Cost Functions

Contents

Cost Functions #

1. Mean Squared Error (MSE)#

The most common cost function.
At each split, the tree chooses the feature & threshold that minimizes the variance of the target values.

\[ MSE = \frac{1}{n} \sum_{i=1}^n (y_i - \hat{y})^2 \]

Here:
- \(y_i\) = actual value
- \(\hat{y}\) = predicted value (mean of samples in that leaf)
- \(n\) = number of samples in the node

👉 Minimizing MSE means nodes will group data where target values are close together.

2. Mean Absolute Error (MAE)#

\[ MAE = \frac{1}{n} \sum_{i=1}^n |y_i - \hat{y}| \]

Uses the median of values in the node for prediction (instead of mean).
More robust to outliers than MSE.

3. Friedman’s Mean Squared Error (Friedman MSE)#

A variation of MSE used in scikit-learn.
Adds a correction term to reduce bias when splitting nodes, especially useful in gradient boosting trees.

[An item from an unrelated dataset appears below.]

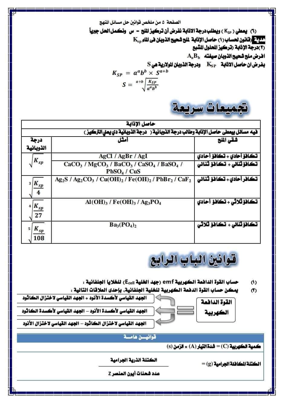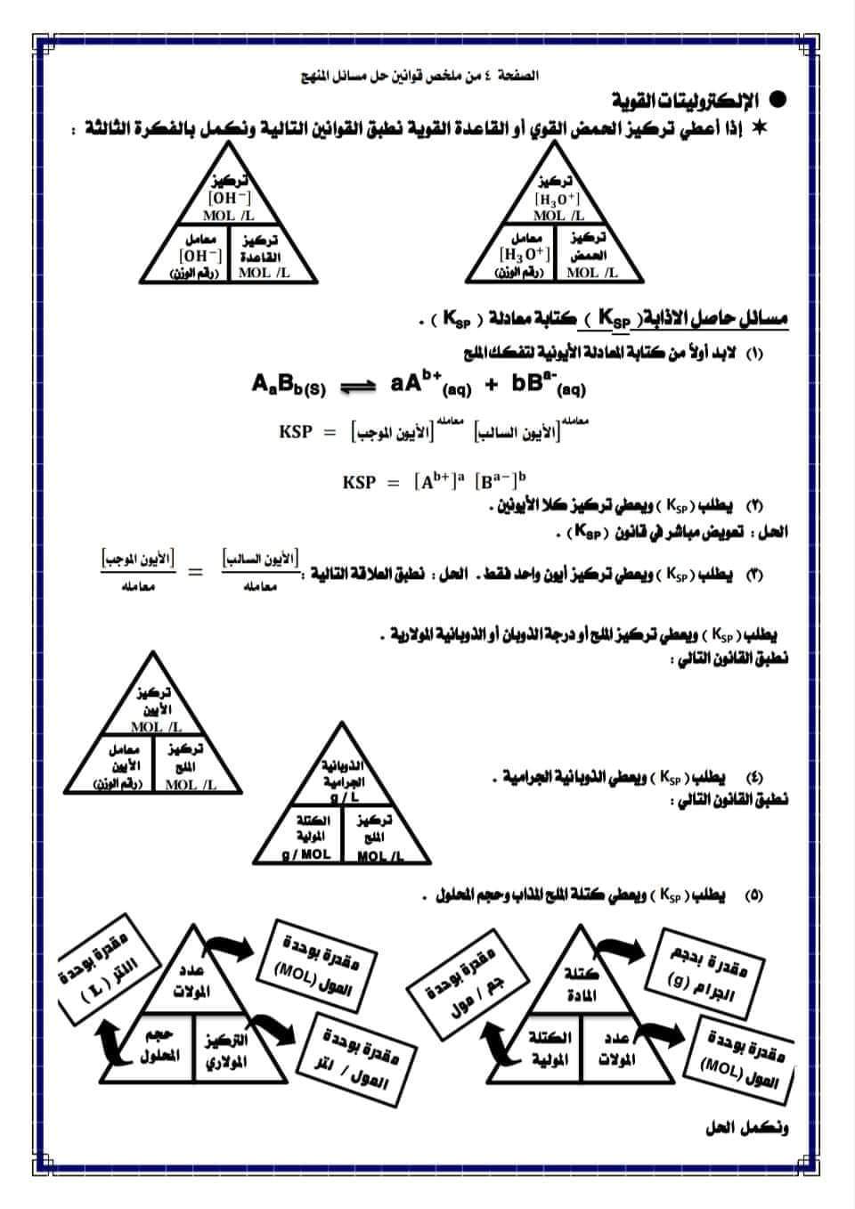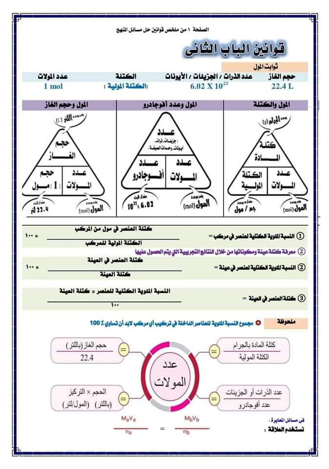 ملخص قوانين حل مسائل منهج الكيمياء للصف الثالث الثانوي
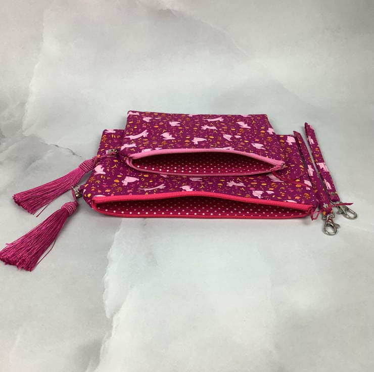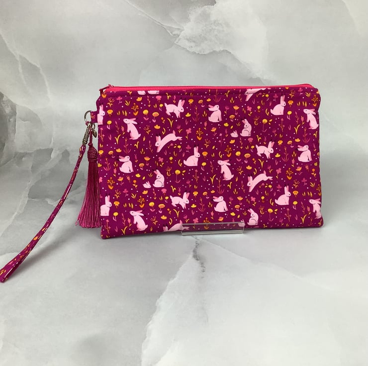 Handmade zip clutch bag in a fun modern bunny rabbits cotton fabric lined in pink spotty cotton and in a choice of 2 sizes.

4. Poisson (for count regression)#

For target values that represent counts (non-negative integers).
Cost function is based on Poisson deviance:

\[ D(y, \hat{y}) = 2 \sum_{i=1}^n \left( y_i \log \frac{y_i}{\hat{y}_i} - (y_i - \hat{y}_i) \right) \]

Summary

MSE → default, sensitive to outliers, good for general regression.
MAE → robust to outliers, gives median-based predictions.
Friedman MSE → specialized, often used in ensembles.
Poisson → best for count-based data.